Finally, at step four, the ALJ relied on the testimony of the VE to conclude that the ALJ found that Stephens was capable of performing his past relevant work as either a security officer or a taxi dispatcher. (Tr. 23). As a result, the ALJ found that Stephens had not been under a disability, as defined in the Social Security Act, from March 31, 2010, through the date of the decision. (Tr. 23-24).

Stephens believes that the ALJ committed several errors. Stephens argues that the ALJ failed to properly consider the side effects of Stephens' medications, the medical opinion of Dr. Ringel, and the effect of Stephens' obesity on his other ailments. Stephens also believes that ALJ committed error by ignoring certain impairments: heart disease, fecal incontinence, arthritis of the right ankle, and loss of fine-motor control in his right hand. Lastly, Stephens alleges that the ALJ's determination that Stephens is not credible is flawed.

Credibility

Stephens argues that the ALJ improperly discredited his testimony in violation of SSR 96-7p by relying on meaningless boilerplate language and failing to properly consider the seven credibility factors. The Commissioner disagrees.

Because the ALJ is best positioned to judge a claimant's truthfulness, this Court will overturn an ALJ's credibility determination only if it is patently wrong. Skarbek v. Barnhart, 390 F.3d 500, 504 (7th Cir. 2004). However, when a claimant produces medical evidence of an underlying impairment, the ALJ may not ignore subjective complaints solely because they are unsupported by objective evidence. Schmidt v. Barnhart, 395 F.3d 737, 745-47 (7th Cir. 2005); Indoranto v. Barnhart, 374 F.3d 470, 474 (7th Cir. 2004) (citing Clifford v. Apfel, 227 F.3d 863, 872 (7th Cir. 2000)).

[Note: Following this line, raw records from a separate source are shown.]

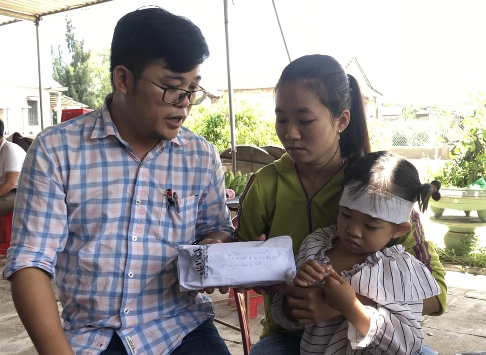Đại diện báo đã trao số tiền trên cho chị Phan Thị Trúc Ly (vợ anh Khải) và gia đình anh Khải.
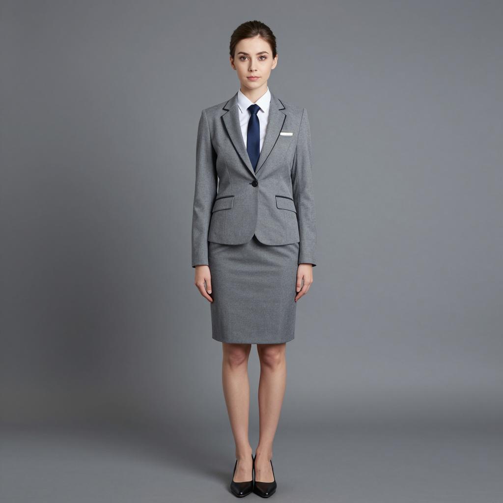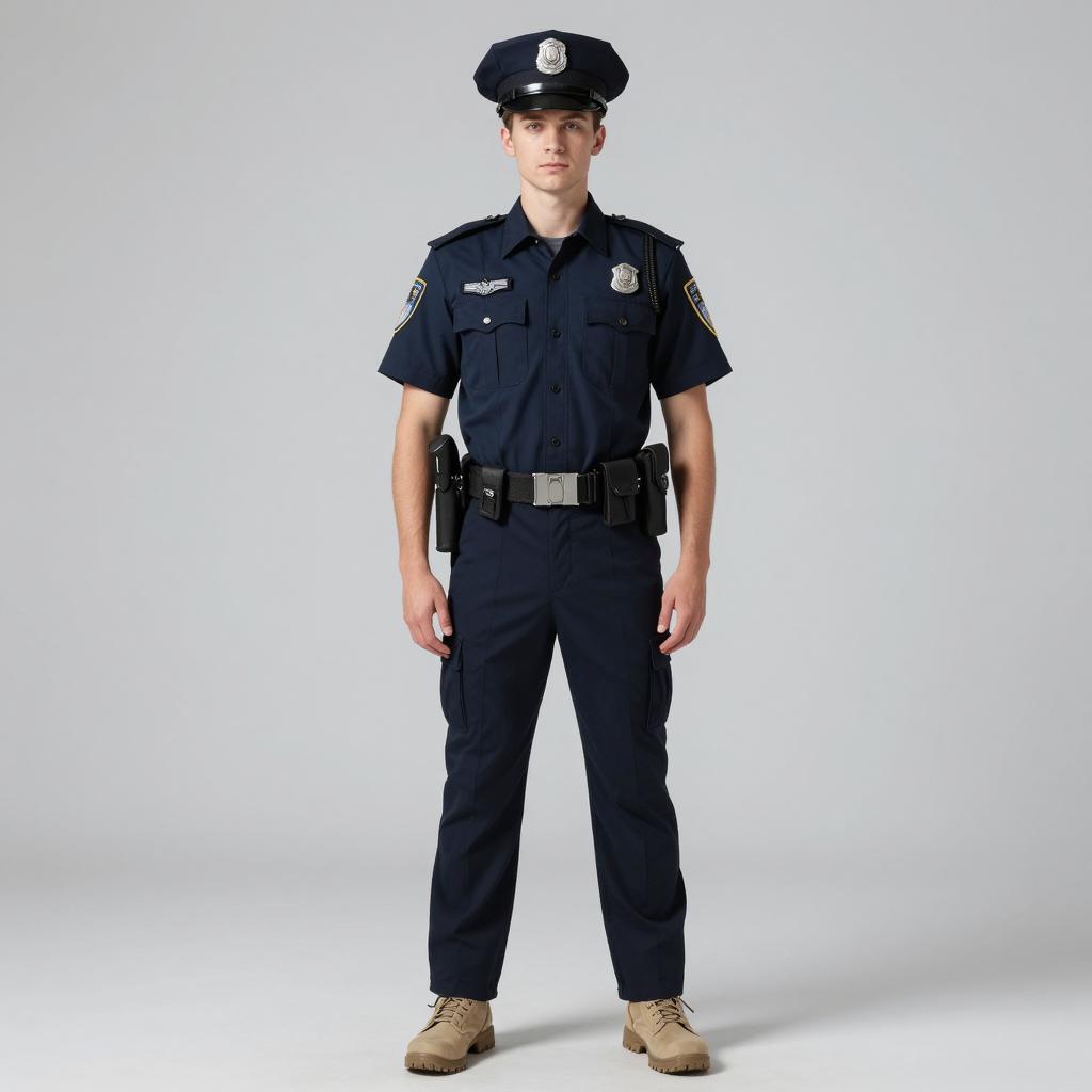 A young woman wearing a dark blue naval officer uniform with white short sleeves, black pants, and a matching navy cap featuring a gold emblem. She stands in a profile pose facing left with a serious expression, her light brown hair neatly tied back. The photo is a full-body shot against a plain beige background with soft lighting, conveying a calm and professional atmosphere.
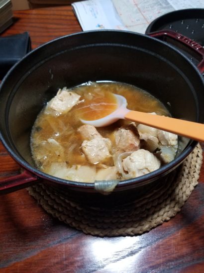 ストウブ鍋にてシンプルな鶏の無水鍋を作って出汁や醤油で味付けしーのの図
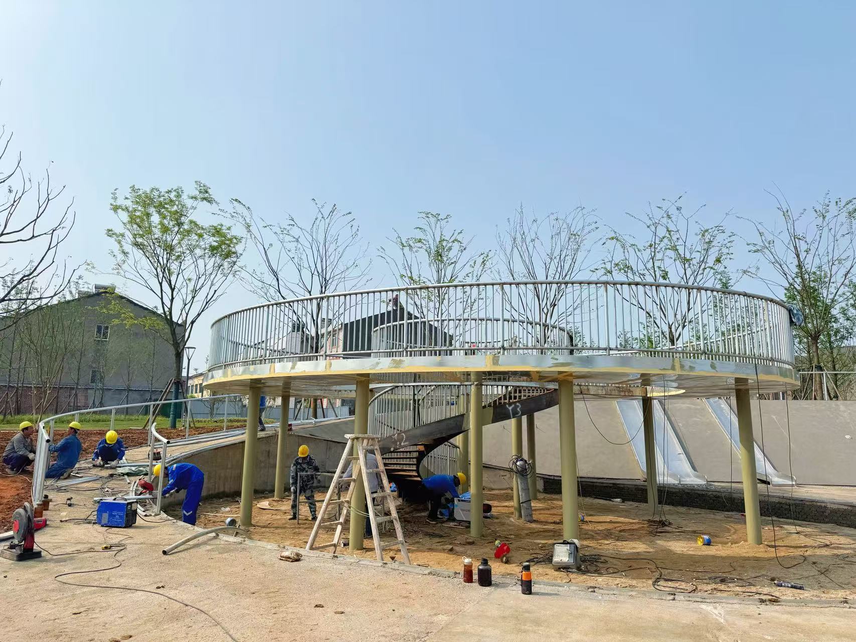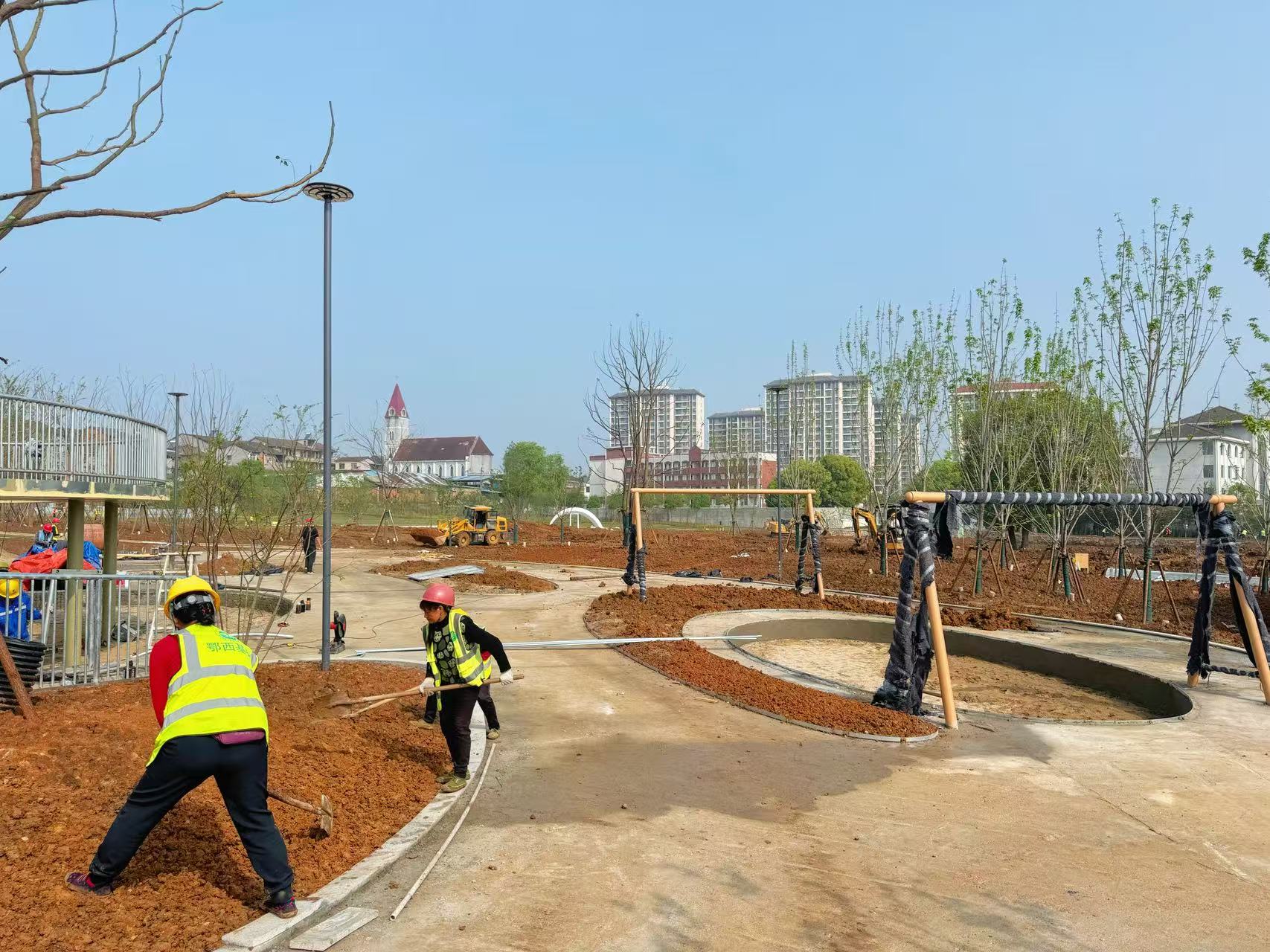 据施工现场负责人杨华介绍,项目于2026年1月正式进场施工,目前主体结构、乔木种植、道路铺装、配套照明等工程已基本完工。当前正集中推进绿化场地景观塑造、草皮铺设及各类装饰小品安装,后续将实施沥青刷黑和整体调试工作。项目整体进展顺利,预计今年5月中下旬具备对外开放条件。
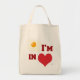 A cheeky fun Fried Egg I’m in love awesome breakfast desire design classic fun morning meal not scrambled bacon or sausage worthy morning meal grocery style deluxe carry all canvas tote bag. Get a fun fried egg tote today.

Further, "the ALJ cannot reject a claimant's testimony about limitations on [his] daily activities solely by stating that such testimony is unsupported by the medical evidence." Id. Instead, the ALJ must make a credibility determination that is supported by record evidence and sufficiently specific to make clear to the claimant, and to any subsequent reviewers, the weight given to the claimant's statements and the reasons for the weight. Lopez v. Barnhart, 336 F.3d 535, 539-40 (7th Cir. 2003).

In evaluating the credibility of statements supporting a Social Security application, an ALJ must comply with the requirements of SSR 96-7p. Steele v. Barnhart, 290 F.3d 936, 941-42 (7th Cir. 2002). This ruling requires ALJs to articulate "specific reasons" behind credibility evaluations; the ALJ cannot merely state that "the individual's allegations have been considered" or that "the allegations are (or are not) credible." SSR 96-7p, 1996 WL 374186 (1996). Furthermore, the ALJ must consider specific factors when assessing the credibility of an individual's statement including:

1. The individual's daily activities; 2. The location, duration, frequency, and intensity of the individual's pain or other symptoms; 3. Factors that precipitate and aggravate the symptoms; 4. The type, dosage, effectiveness, and side effects of any medication the individual takes or has taken to alleviate pain or other symptoms; 5. Treatment, other than medication, the individual receives or has received for relief of pain or other symptoms; 6. Any measures other than treatment the individual uses or has used to relieve pain or other symptoms (e.g., lying flat on his or her back, standing for 15 to 20 minutes every hour, or sleeping on a board); and 7. Any other factors concerning the individual's functional limitations and restrictions due to pain or other symptoms.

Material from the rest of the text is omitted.